The Tenant invested approximately $200,000 to purchase the necessary equipment to construct the driving range. The driving range went into operation around September 2006 but by the following year the parties’ relationship deteriorated and the Tenant failed to pay rent in September, October, and November 2007. The Landlord terminated the lease on notice to the Tenant and the Tenant eventually returned to the property with its work crew and the Ontario Provincial Police. During this visit the Tenant attempted to remove the driving range equipment but the Landlord claimed ownership of the assets. The OPP suggested that the Tenant leave and obtain a court order for the return of the assets. The Tenant then commenced a lawsuit. While the protracted litigation was ongoing, the Landlord operated the driving range with the Tenant’s equipment.
In May 2016, more than 8 years after the Lease was terminated, a 3-day trial took place. The Trial Judge found the Landlord liable for the undepreciated value of the equipment as at the date of the lease termination. The Trial Judge also ordered $80,000 in “exemplary” damages against the Landlord, calculated as $10,000 per year for the eight years that the Landlord used the disputed equipment. The total damage award was $268,033.17. The Landlord was also ordered to pay the Tenant more than $100,000 in legal costs.
The Landlord appealed the Trial Judge’s ruling arguing that certain of the assets were abandoned fixtures. Fixtures are assets that are sufficiently affixed to real property such that they are considered permanent in nature and part of the land. The general rule is that fixtures remain with the land following the end of a tenancy; but not all fixtures fall within this rule. Trade fixtures are assets that are affixed to leased premises by a Tenant for trade or commercial purposes. Courts have consistently held that Tenants are presumptively allowed to remove trade fixtures at the end of a tenancy so long as the removal does not materially damage the premises.
The Court of Appeal rejected the notion that the Tenant had abandoned its equipment and also rejected the Landlord’s argument that the equipment should be classified as fixtures.

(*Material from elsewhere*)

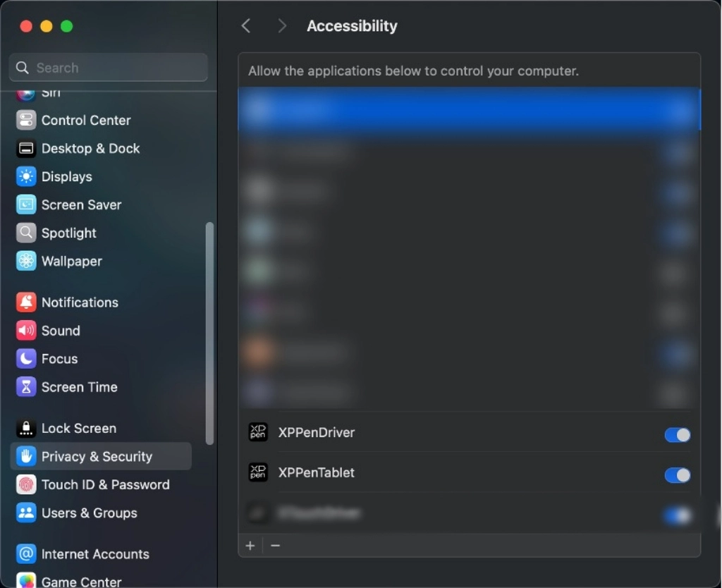 解凍後、「pkg」ファイルを実行し、案内に従ってインストールを完了して、必要なセキュリティ設定(システム環境設定→プライバシーとセキュリティ→アクセシビリティ)を設定します。アクセスを許可後、XPPenDriverおよびXPPenTabletのオプション「有効」にチェックを入れるかを確認してください。チェックを入れていない場合、デバイスとドライバーが正常に動作しない可能性があります。
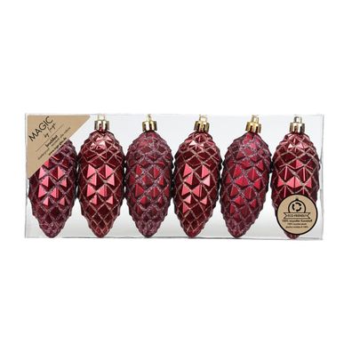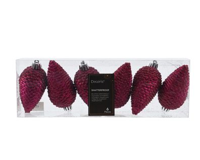 • Christbaumschmuck Zapfen 9cm Kunststoff 6er Set - Bordeaux Red

The Court of Appeal also agreed with and affirmed the Trial Judge’s finding that the Landlord lost its right to distrain when the Landlord elected to terminate the Lease.
Although the Court of Appeal ultimately set aside the Trial Judge’s award of exemplary damages, Performance Plus is a perfect example of the serious financial and legal consequences likely to befall a Landlord who exercises the remedy of distraint without the requisite caution.